19. A computer program product, comprising a computer program carried on a non-transitory computer-readable medium, wherein the computer program when executed by the at least one processor, causes the at least one processor to:

in response to a data loading instruction, obtain a plurality of pieces of data to be loaded, a data package corresponding to the plurality of pieces of data to be loaded, and a data package version of the data package, wherein the data package corresponds to a pool to be loaded, the pool to be loaded comprises an item pool or an item cluster pool to be loaded, the data package comprises at least one item table, and the data to be loaded corresponds to an item to be loaded in the pool to be loaded;

perform incremental processing on the data package version to obtain an incremental version:

load, for each piece of data to be loaded based on an item to be loaded that corresponds to the data to be loaded, the data to be loaded into an item table corresponding to the item to be loaded among the at least one item table, to obtain loaded data, and using the incremental version as a data version of the loaded data; and

use the incremental version as the data package version when the data version of the loaded data corresponding to each piece of data to be loaded is obtained.

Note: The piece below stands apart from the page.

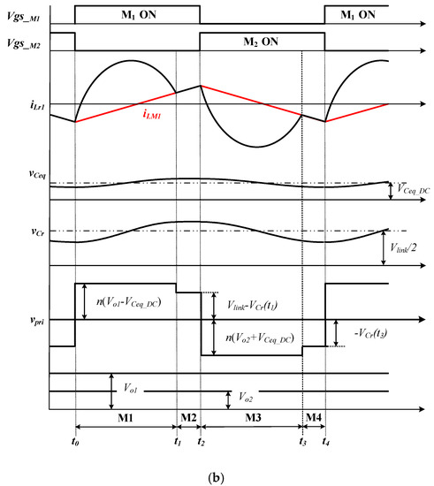 Figure 2 shows the circuit diagram and key waveforms of the proposed a stacked single-ended two channel LLC LED driver. The proposed driver can be extended for many channel LEDs. A more detailed driver circuit expansion for multiple LEDs will be discussed again in Section 2.2. The operation and structure are explained in this section through the proposed two-channel LED driving circuit. The proposed converter is composed of two single-ended rectifiers, a balancing capacitor, and two series LED strings. The current deviation in series with the two modules is compensated by the balancing capacitor, and the voltage stresses of D1 and D2 can be made equal. The operation is similar to the LLC converter. For mode analysis, the following assumptions are made.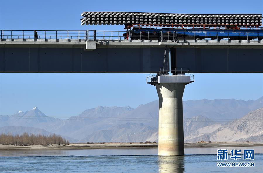 11月26日,施工人员在川藏铁路拉林段贡嘎雅鲁藏布江特大桥上铺轨。

20. The electronic device according to claim 17, wherein after the loaded data is obtained, the at least one program further causes the at least one processor to:

set a data state of the loaded data as a to-be-deployed state when the data package is not loaded with already loaded data corresponding to the data to be loaded, or when the data package is loaded with already loaded data corresponding to the data to be loaded, and the data version of the already loaded data is earlier than the data package version; and

wherein the at least one program that causes the at least one processor to use the incremental version as the data package version when the data version of the loaded data corresponding to each piece of data to be loaded is obtained further causes the at least one processor to:

deploy the loaded data in the to-be-deployed state, and update the data state of the deployed loaded data from the to-be-deployed state to an online state when the data version of the loaded data corresponding to each piece of data to be loaded is obtained; and

use the incremental version as the data package version when the data state of each piece of loaded data is the online state.

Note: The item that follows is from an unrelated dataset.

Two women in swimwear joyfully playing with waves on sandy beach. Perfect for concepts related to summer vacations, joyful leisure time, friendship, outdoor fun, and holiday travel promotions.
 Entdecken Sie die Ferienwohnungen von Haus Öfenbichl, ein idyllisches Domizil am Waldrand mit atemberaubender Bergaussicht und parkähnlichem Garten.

21. The electronic device according to claim 20, wherein the at least one program further causes the at least one processor to:

for previously loaded data that is previously loaded into the data package and does not correspond to data to be loaded, update the data state of the previously loaded data in the online state among all the previously loaded data from the online state to the to-be-deployed state; and

determine data to be deployed that is in the to-be-deployed state from data package data in the data package, wherein the loaded data in the to-be-deployed state is first deployment data whose data version is later than the data package version among the data to be deployed; and

wherein the at least one program that causes the at least one processor to deploy the loaded data in the to-be-deployed state, and update the data state of the deployed loaded data from the to-be-deployed state to an online state further causes the at least one processor to:

determine the first deployment data from the data to be deployed, deploy the first deployment data based on a first deployment manner corresponding to the first deployment data, and updating the data state of the deployed first deployment data from the to-be-deployed state to the online state.

22. The electronic device according to claim 21, wherein the previously loaded data in the to-be-deployed state is second deployment data whose data version is the same as the data package version among the data to be deployed, and the at least one program further causes the at least one processor to:

determine the second deployment data from the data to be deployed, deploy the second deployment data based on a second deployment manner corresponding to the second deployment data, and update the data state of the deployed second deployment data from the to-be-deployed state to an offline state.